None of this featured in the highlight reel from Shanghai or the podium at Silverstone, and she clearly prefers it that way. When I asked how she’s approaching this week’s Goodwood Festival of Speed, where she’s about to drive a Formula 1 car, she was almost stubborn about keeping her focus on the weekend in front of her. The team wanted to walk her through the car's procedures before Silverstone. “Tell me after the weekend, please,” she told them. “I don’t want to think about it this weekend.” It’s a small moment, but it says a lot about how she operates: one job finished before the next one gets any of her attention.
The car in question has history attached to it. Gademan will take the Lotus E20, the car Kimi Räikkönen drove to victory at the 2012 Abu Dhabi Grand Prix, up the Goodwood Hill on Thursday, 9th of July, alongside Alpine’s current F1 driver Pierre Gasly, part of a five-strong Alpine line-up across the weekend that also includes Franco Colapinto, Paul Aron, and Alex Dunne.
“It’s really exciting to drive an F1 car,” she admitted, “obviously, it’s everyone’s childhood dream, even though it’s not on a proper track.”
“Just to be living this dream is still kind of surreal sometimes because I used to live a normal life. I used to have three jobs and save up money for a race. So I know what it’s like out there as a normal person, basically. And just to live the life I want to right now and actually performing well is surreal sometimes. Sometimes I forget about it. I need to calm down, realise I’m living the dream, and get on with the work.”

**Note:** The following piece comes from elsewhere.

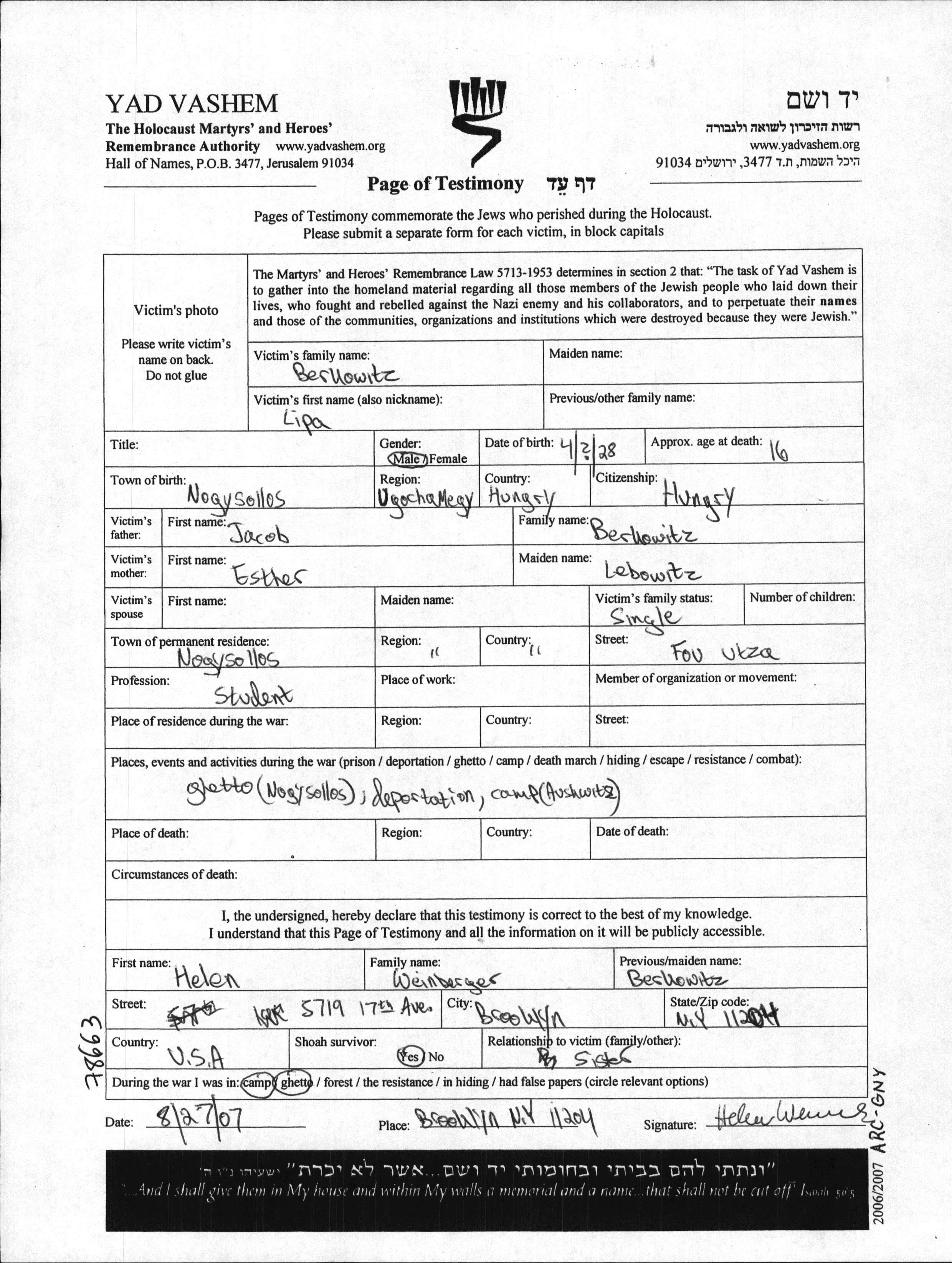 | Berkowitz | Lipa | 1928 | Nogysollos, Czechoslovakia | Page of Testimony |
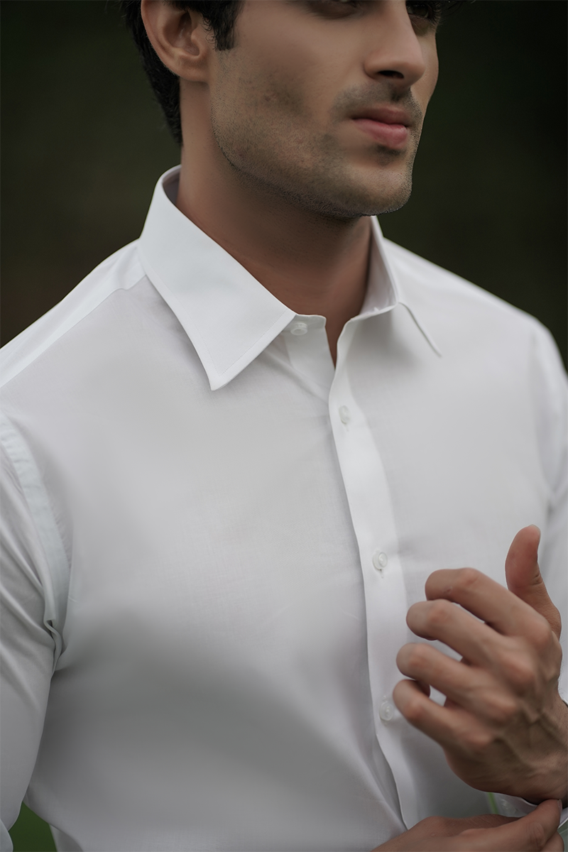 A refined staple in crisp white cotton, Galan is tailored with a semi-spread collar and sport front for a composed, modern profile. The angled cuffs with twin buttons and a rounded hem finish the design with clean precision. Ideal for understated formal dressing with enduring appeal.

Next up is Zandvoort, F1 ACADEMY’s fourth round and the race that means the most to her and where fans have shown up for her in force. One of them, she told me almost in disbelief, had her signature tattooed onto their skin. “That’s what we love,” she said, and there was no performance in the way she said it. She has good memories there, a Wild Card debut and a maiden win, and she’s not shy about what she wants from a repeat visit. “We’re coming for another win in the Zandvoort race, and then hopefully tons of fans again at the garages.”
Whatever happens there, Gademan has already made her point at Silverstone: results built without noise and a season that keeps getting better.